→ About this exercise: Please repeat, from the entries that follow, the lines from the one containing "تصویر ۱۵- سینی" through the one containing "ای متعلق با" exactly, adding nothing.

→ Data to examine:

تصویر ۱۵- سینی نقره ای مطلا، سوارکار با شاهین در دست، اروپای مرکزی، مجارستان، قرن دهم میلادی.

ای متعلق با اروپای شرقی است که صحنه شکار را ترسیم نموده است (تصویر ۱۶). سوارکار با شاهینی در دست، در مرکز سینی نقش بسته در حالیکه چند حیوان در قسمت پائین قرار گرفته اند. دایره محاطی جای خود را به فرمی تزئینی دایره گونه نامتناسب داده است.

--

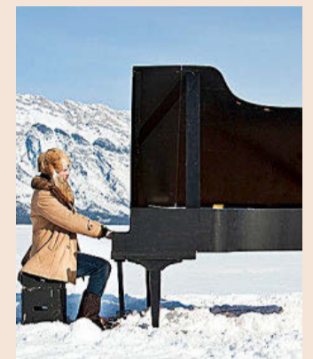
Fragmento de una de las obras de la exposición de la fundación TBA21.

...

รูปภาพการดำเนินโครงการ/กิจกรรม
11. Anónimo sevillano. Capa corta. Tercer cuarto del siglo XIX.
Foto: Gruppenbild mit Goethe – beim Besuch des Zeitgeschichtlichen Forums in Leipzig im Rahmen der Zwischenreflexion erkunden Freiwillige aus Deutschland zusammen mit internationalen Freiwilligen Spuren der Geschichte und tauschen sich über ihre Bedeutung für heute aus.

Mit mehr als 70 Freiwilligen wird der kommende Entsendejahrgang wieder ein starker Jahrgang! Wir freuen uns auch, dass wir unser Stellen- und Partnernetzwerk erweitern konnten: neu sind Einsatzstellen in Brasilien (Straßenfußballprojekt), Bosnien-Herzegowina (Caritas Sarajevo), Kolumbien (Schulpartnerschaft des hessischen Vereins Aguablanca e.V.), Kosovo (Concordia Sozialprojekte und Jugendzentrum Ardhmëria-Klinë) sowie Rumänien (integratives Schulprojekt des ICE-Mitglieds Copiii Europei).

→ Written response:
تصویر ۱۵- سینی نقره ای مطلا، سوارکار با شاهین در دست، اروپای مرکزی، مجارستان، قرن دهم میلادی.

ای متعلق با اروپای شرقی است که صحنه شکار را ترسیم نموده است (تصویر ۱۶). سوارکار با شاهینی در دست، در مرکز سینی نقش بسته در حالیکه چند حیوان در قسمت پائین قرار گرفته اند. دایره محاطی جای خود را به فرمی تزئینی دایره گونه نامتناسب داده است.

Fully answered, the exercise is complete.